What’s New in pandas 3.0: Expressions, Copy-on-Write, and Faster Strings

January 10, 2026

What’s New in pandas 3.0: Expressions, Copy-on-Write, and Faster Strings

Introduction
Setup
Cleaner Column Operations with pd.col
Copy-on-Write Is Now the Default
A Dedicated String Dtype
Final Thoughts

Introduction

pandas 3.0 brings some of the most significant changes to the library in years.

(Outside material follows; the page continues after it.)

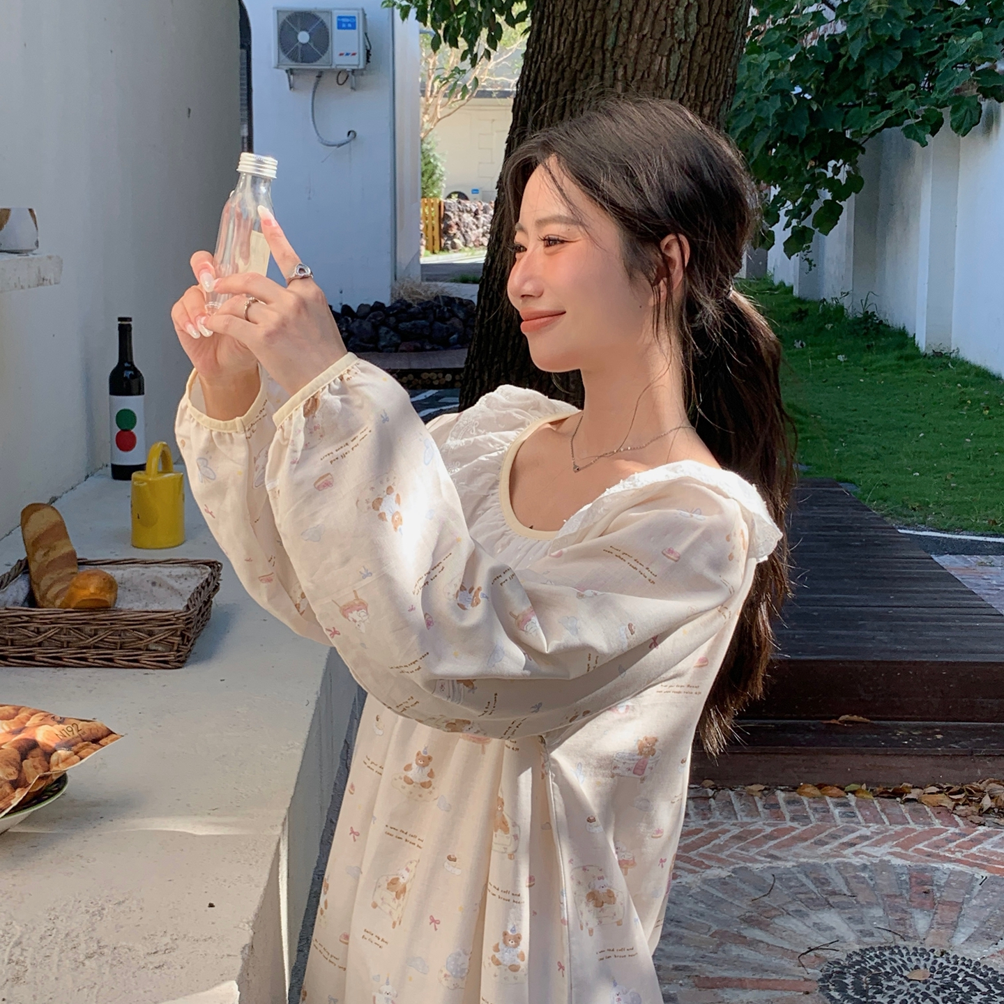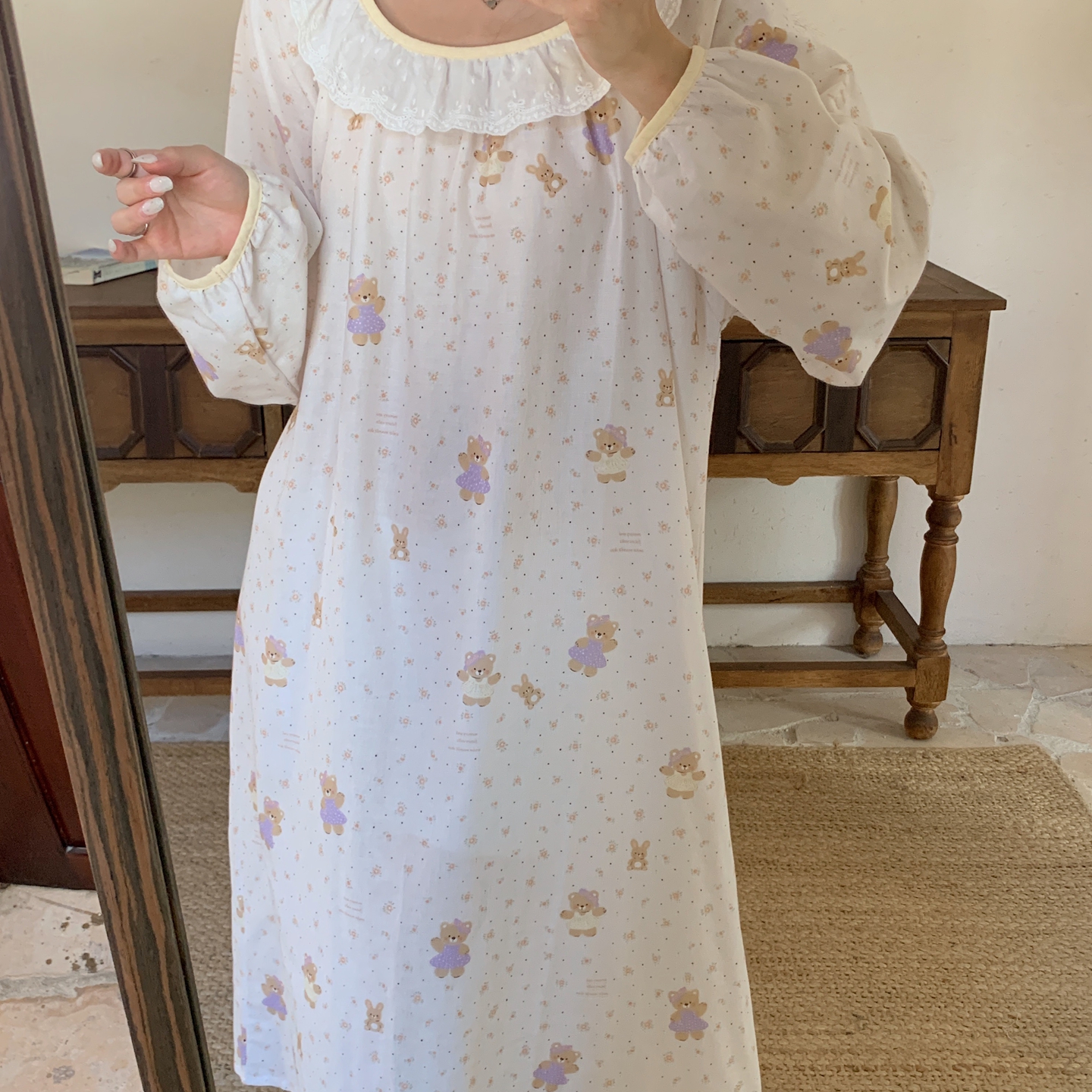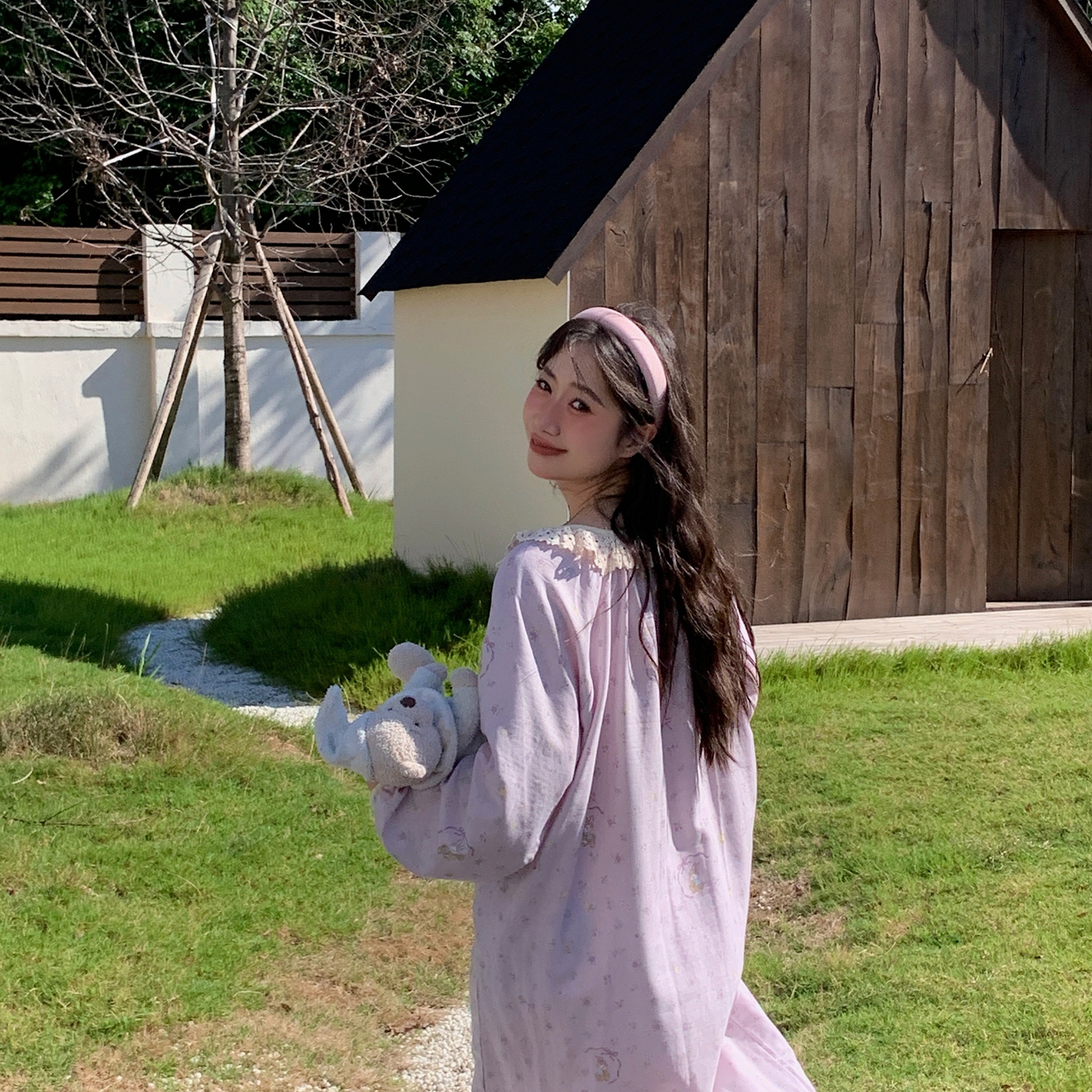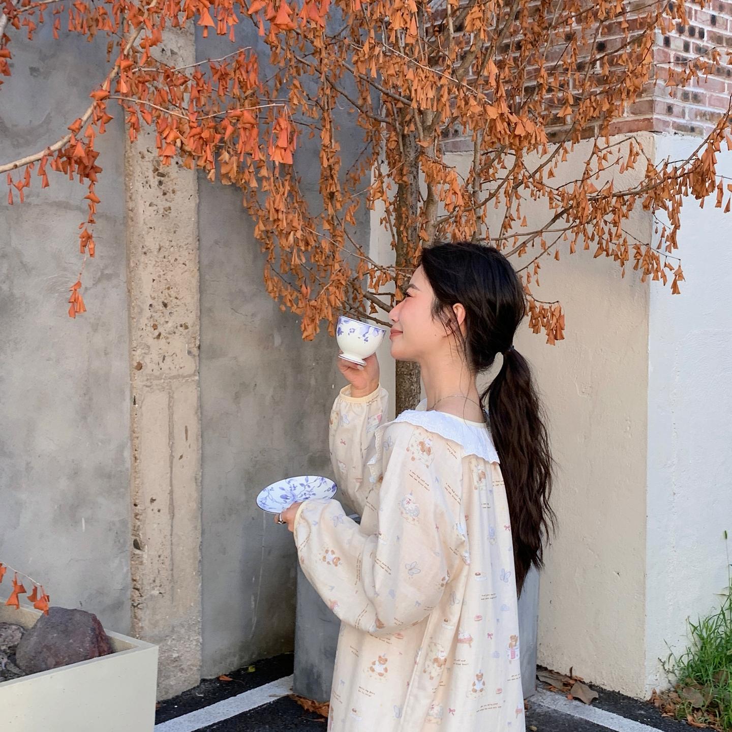 (总)纽约生活 2025新款绉布圆领开扣长袖长裤(会员-5),波比熊,黑碎花猫咪,蝴蝶结粉熊,花花狗,蓝碎花,塞纳花房

This article covers:

pd.col expressions: Cleaner column operations without lambdas
Copy-on-Write: Predictable copy behavior by default
PyArrow-backed strings: Faster operations and better type safety

💻 Get the Code: Open the notebook in Google Colab to run it in your browser, or grab the source from GitHub.

Stay Current with CodeCut

Easy-to-digest articles on Python, AI, and open-source tools. Delivered twice a week.

Setup

pandas 3.0 requires Python 3.11 or higher. Install it with:

pip install --upgrade pandas

To test these features before upgrading, enable them in pandas 2.3:

pd.options.future.infer_string = True
pd.options.mode.copy_on_write = True

Cleaner Column Operations with pd.col

The Traditional Approaches

If you’ve ever had to modify an existing column or create a new one, you may be used to one of these approaches.

Square-bracket notation is the most common way to add a column. You reference the new column name and assign the result:

import pandas as pd

df = pd.DataFrame({"temp_c": [0, 20, 30, 100]})
df['temp_f'] = df['temp_c'] * 9/5 + 32
df

	temp_c	temp_f
0	0	32.0
1	20	68.0
2	30	86.0
3	100	212.0

This overwrites your original DataFrame, which means you can’t compare before and after without first making a copy.

df_original = pd.DataFrame({"temp_c": [0, 20, 30]})
df_original['temp_f'] = df_original['temp_c'] * 9/5 + 32
# df_original is now modified - no way to see the original state
df_original

	temp_c	temp_f
0	0	32.0
1	20	68.0
2	30	86.0

It also doesn’t return anything, so you can’t chain it with other operations. Method-chaining lets you write df.assign(...).query(...).sort_values(...) in one expression instead of multiple separate statements.

df = pd.DataFrame({"temp_c": [0, 20, 30]})

# This doesn't work - square-bracket assignment returns None
# df['temp_f'] = df['temp_c'] * 9/5 + 32.query('temp_f > 50')

# You need separate statements instead
df['temp_f'] = df['temp_c'] * 9/5 + 32
df = df.query('temp_f > 50')
df

	temp_c	temp_f
1	20	68.0
2	30	86.0

Using assign solves the chaining problem by returning a new DataFrame instead of modifying in-place:

df = pd.DataFrame({"temp_c": [0, 20, 30, 100]})
df = (
    df.assign(temp_f=lambda x: x['temp_c'] * 9/5 + 32)
    .query('temp_f > 50')
)
df

	temp_c	temp_f
1	20	68.0
2	30	86.0
3	100	212.0

This works for chaining but relies on lambda functions. Lambda functions capture variables by reference, not by value, which can cause bugs:

df = pd.DataFrame({"x": [1, 2, 3]})
results = {}
for factor in [10, 20, 30]:
    results[f'x_times_{factor}'] = lambda df: df['x'] * factor

df = df.assign(**results)
df

	x	x_times_10	x_times_20	x_times_30
0	1	30	30	30
1	2	60	60	60
2	3	90	90	90

What went wrong: We expected x_times_10 to multiply by 10, x_times_20 by 20, and x_times_30 by 30. Instead, all three columns multiply by 30.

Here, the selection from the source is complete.